Selon le CNNum, les FAI et les réseaux sociaux devraient donc laisser circuler n’importe quel contenu sur leur réseau sans l’identifier, ce qui limiterait la censure, le blocage ou encore le filtrage. Un pas de plus vers la liberté de l’Internaute. Du moins en théorie, puisqu’il est assez difficile de voir à ce jour quels moyens pourraient être mis en oeuvre pour vérifier l’application de la loi en pratique.

Égalité entre les acteurs

Retenez, si vous ne le savez pas déjà, qu’Internet ne se limite pas aux sites web. Il existe aussi d’autres protocoles permettant de transmettre des mails, de faire fonctionner Skype, de pouvoir regarder la télévision...

Pour leurs offres « triple-play », les FAI se doivent de garantir un débit minimum pour chaque service additionnel à Internet (souvent la télévision et le téléphone), ce que l’on appelle un « service géré ».

Certaines sociétés puissantes peuvent actuellement négocier un passage en « service géré » avec les FAI. Cela crée donc une inégalité entre les acteurs, puisque la majorité d’entre eux ne peuvent pas se l’offrir, et est donc au détriment de l’Internaute qui ne dispose pas des mêmes conditions d’accès aux services.

Pour le CNNum, « le principe de neutralité doit s’entendre (...) comme la traduction numérique du principe d’égalité », ce qui serait une véritable avancée dans ce domaine. Une limitation de ces « services gérés » serait donc à prévoir.

Le problème Google

Autre volet important du rapport, le cas des moteurs de recherche. Google est bien sûr dans le viseur.

L’américain est souvent accusé de mettre davantage en avant ses propres services que ceux des autres. Comme l’algorithme de recherche supprime les résultats portant atteinte aux droits d’auteur, les mots clés racistes et autres pour être conformes à la loi, le CNNum se demande pourquoi ne pas imposer la neutralité ?

Un algorithme
impossible à contrôler

La réponse semble pourtant évidente : même si une loi allant dans ce sens est adoptée, il est impossible pour un organisme d’État de contrôler un algorithme qui change tous les jours ! Voilà pour quoi une loi sur ce sujet, sans sanctions, n’est d’aucune utilité.
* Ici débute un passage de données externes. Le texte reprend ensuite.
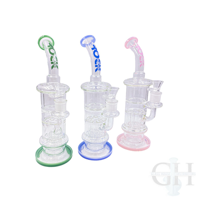 The bottom chamber houses a powerful matrix percolator that breaks smoke into tiny bubbles for cooler, smoother, and cleaner hits. The upper chamber adds extra space for airflow and helps keep water where it belongs. By the time smoke reaches the bent neck, it is cooled, filtered, and ready for an easy inhale. The sidecar joint makes loading the 14mm bowl simple and convenient.

« Neutralité neutralisée »

Le rapport du CNNum dresse un constat exact de l’état de la société à l’heure de ce que l’on appelle déjà la « troisième révolution industrielle ». Malheureusement, et comme souvent dans les rapports de ce type, les solutions sont assez floues et parfois inadaptées.

De plus, le conseil semble oublier un problème majeur, celui de l’Internet mobile. Rien n’est précisé sur les restrictions d’accès imposées par les opérateurs. Vous vous êtes certainement déjà énervé quand vous avez reçu le SMS de SFR sur votre téléphone vous disant que « vous avez dépassé 1,00 Go de données sur votre forfait ». Sachez que rien ne changera pour le moment, alors qu’il serait normal que les conditions d’accès à Internet soient identiques tant en fixe qu’en mobile.

Bref, ce rapport peut faire avancer le problème. Mais sans véritables mesures dissuasives contre les FAI, peu de choses seront modifiées en pratique.

Jérémie Zimmermann, porte-parole et co-fondateur de l'association La Quadrature du Net résume bien la situation : « À tenter de régler des problèmes différents en un seul coup de baguette magique, cet avis risque de donner lieu à une neutralité neutralisée qui ne règlera aucun problème ».